Predicting when the Russo-Ukraine war will end is a puzzle. The conflict’s duration fits poorly with previous wars initiated by Russia since its defeat of Napoleon at Leipzig in 1813. 

Russian Military T-90 Tank. Image Credit: Creative Commons.
Russian Military T-90 Tank. Image Credit: Creative Commons.

Predicting when the Russo-Ukraine war will end is a puzzle. The conflict’s duration fits poorly with previous wars initiated by Russia since its defeat of Napoleon at Leipzig in 1813. 

In April 2022, I predicted in RealClearDefense that Russia’s war would end in one of two ways, based on previous outcomes: either as a victory, in which case it would end in 8 months, or as a defeat that would drag on for 16 months, concluding in approximately June 2023. The war passed through both deadlines, showing Moscow’s commitment to hold onto its gains in the Donbas and Crimea. 

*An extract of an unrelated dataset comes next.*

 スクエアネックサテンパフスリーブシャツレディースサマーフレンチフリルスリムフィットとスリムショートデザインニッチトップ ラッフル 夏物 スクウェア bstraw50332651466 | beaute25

I have therefore retreated into the Correlates of War dataset to harvest further insights. I now predict that the Russo-Ukraine war will end one or two campaign seasons after Putin mobilizes the under-35 cohort. My explanation is that with the exceptions of the 1904-05 Russo-Japanese War, when worker unrest combined with a sharp Russian defeat at the Straits of Tsushima and the siege of Port Arthur, and the exhaustion of the First World War, Russia has never otherwise submitted to peace because of a threat of a domestic uprising against the regime in power. 

However, my optimistic conclusion is that the global liberal social movement sometimes manifests in color revolutions, which are unprecedented. That system will even prevail against a nuclear-armed state, so eventual victory against Putin depends on Western persistence in supporting Ukraine.

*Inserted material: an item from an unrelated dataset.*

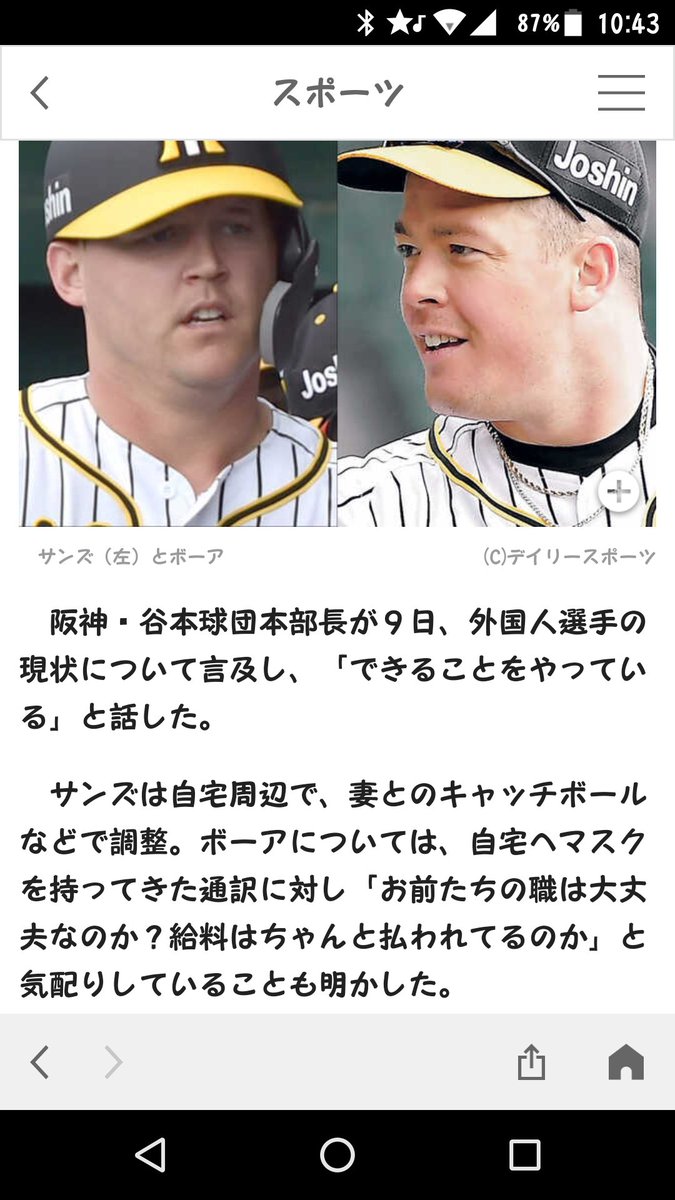 阪神・サンズ&ボーアは「できることをやっている」 通訳に対し気配りも/阪神タイガース/デイリースポーツ online https://www.daily.co.jp/tigers/2020/04/10/0013259976.shtml … @Daily_Onlineさんから

Why Predicting Conflicts Like Ukraine Is Hard

Threats and actual use of force between different countries are extremely rare events. Seventy-two percent of militarized disputes between countries — defined as non-accidental government-sanctioned threats or actual uses of force — are between just two states. For example, in one contemporary datatset, there were 200,778 years of two-country interactions among all the world’s almost 200 countries. Of these, only 2,586 resulted in disputes (about 1.2 percent). There were only 95 wars by 2023 (3.6 percent of the 1.2 percent of country pairs). 

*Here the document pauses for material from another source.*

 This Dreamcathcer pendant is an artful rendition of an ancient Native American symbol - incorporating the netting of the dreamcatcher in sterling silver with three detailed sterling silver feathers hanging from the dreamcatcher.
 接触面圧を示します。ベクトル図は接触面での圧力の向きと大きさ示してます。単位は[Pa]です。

Scholars like Quincy Wright (A Study of War – 1942), Lewis Richardson (Statistics of Deadly Quarrels – 1960) and Dan Reiter (How Wars End – 2009) have grappled with the fact that such small proportions limit the utility of the mathematical projections and inferential statistics needed to validate generalizations. What political scientists call the endogeneity problem means that to understand the probabilistic likelihood of decisions for war, we must compare them to the frequency of decisions by leaders to “not start a war under consideration” (which is not the same as simply not deciding anything). This is a permanent unknown that politicians typically take with them to the grave. Political scientists struggle against the assertion of many military historians that wars are unique, sui generis events that defy predictability. Similarly, political-psychological personality profiles of leaders tend to be poor predictors, as most politicians have high emotional quotients that resist simple categorization.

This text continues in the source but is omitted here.